In this country, a familiar dynamic played out. Supporters of the war cheered, and criticized the war's opponents (by now a sizable majority of Americans) if they didn't cheer, too. More cautious voices broached the idea -- though at the peril of having their patriotism questioned -- that this may not be the desired turning point in the conflict. They reminded us that we had already seen similar photographs of Uday and Qusay, Saddam Hussein's dead sons, and that Saddam's capture was also supposed to be the beginning of the end of the mayhem.
So will this image, given a strange dignity by its prominent frame, be a defining image of the war? Not likely. Its primary function is forensic. It proves, in an age of skepticism (heightened by a three-year history of official claims about the war turning out to be false), that Zarqawi is indeed dead. But beyond that, the image has little power. Indeed, as with so many images in this war, it is loaded with the potential to backfire.
Among the dissenting voices in the hubbub yesterday were those worried about Zarqawi's status as a martyr. And here, again, the frame plays a very odd role. In many traditions, a framed picture of the deceased suggests something like an icon, something to be venerated. Photographs of journalists photographing the image at the news briefing showed Zarqawi's face looming above them. One might believe, for a moment, that they had gathered to bask in its exalted presence.
The image itself, a disembodied head, connects this event to the abject misery that Zarqawi had brought to so many people in Iraq over the course of his deadly career. He was the one who reportedly sawed off the head of Nicholas Berg, and now Zarqawi's head was appearing, lifeless, eyes closed, as if it too were somehow detached from his body.
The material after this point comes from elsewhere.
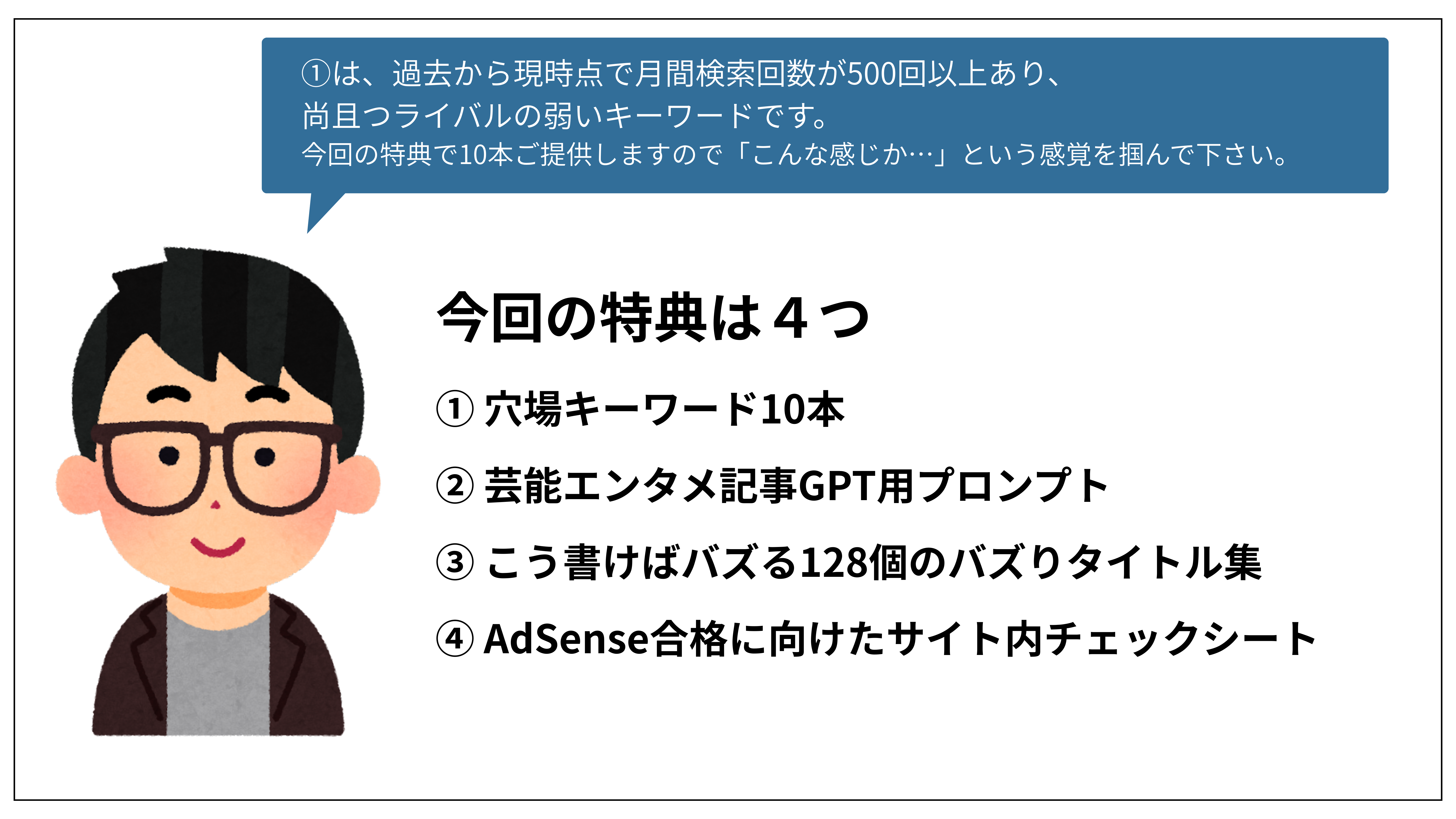 ①それほど難しく考えなくても大丈夫。AIのプロンプトがあるので、キーワードを入れるだけで、そのキーワードで記事に書くのに必要な要素は全てAIが出してくれます。

For those who want revenge, the head of Zarqawi is a welcome sight; but it reminds others how much this war has been about cycles of killing, retribution, tribal and sectarian violence, and the most primitive destructive urges.
When the White House decided to "roll out a new product" (former chief of staff Andrew Card's phrase) three years ago, the looming war was sold as urgent, with little doubt that it would be fast and clean. We would be liberators; the war would pay for itself. And now we gaze on Zarqawi's face one last time, as he reminds us that the new product wasn't so new; the war turned out to have all too much of what wars have always had in them, death, destruction and chaos. Zarqawi's head forces us to confront once again the most primitive dynamic of war: It's an eye for an eye, or a head for a head.
The framed image of a head also has a disturbing sense of the trophy to it -- proof of another small victory brought home from battle -- which connects it to what might be called the ultimate self-destructing image of victory: the "Mission Accomplished" photo-op staged on an aircraft carrier on May 1, 2003. Even before the war had definitively turned sour, that single image established a pattern. The war would be politicized.
What began as a war of necessity, premised on the slam-dunk certainty that Saddam Hussein was staring us down with weapons of mass destruction, eventually became a war of ideas. If there were no weapons, then at least it was a war of liberation, bringing freedom and democracy to a land in desperate need of both. And when that war devolved into clouds of dust and pools of blood as the country broke into religious and ethnic factions, and the rule of law was extinguished by terrorists and militias, the war of ideas began to seem more like another thing -- a war of trophies.
We may not have victory. Iraq may be a living hell both for those who are fighting to make it better and for those who live there. But we bring home the occasional politically expedient marker of "progress." Major combat operations are over. We got Saddam's sons. We got Saddam. Now we have Zarqawi. The trophy case fills: elections, a constitution, a new government -- everything but peace and stability for an exhausted nation of Iraqis who have died by the tens of thousands during the evolution of this war.
Zarqawi is gone and good riddance. But there's nothing in the image of his face that deserves a frame. It's a small thing, to be sure. But it suggests a cynicism about this war that is profoundly distressing. Our political and military leaders simply can't resist packaging the war and wrapping it up in a bow.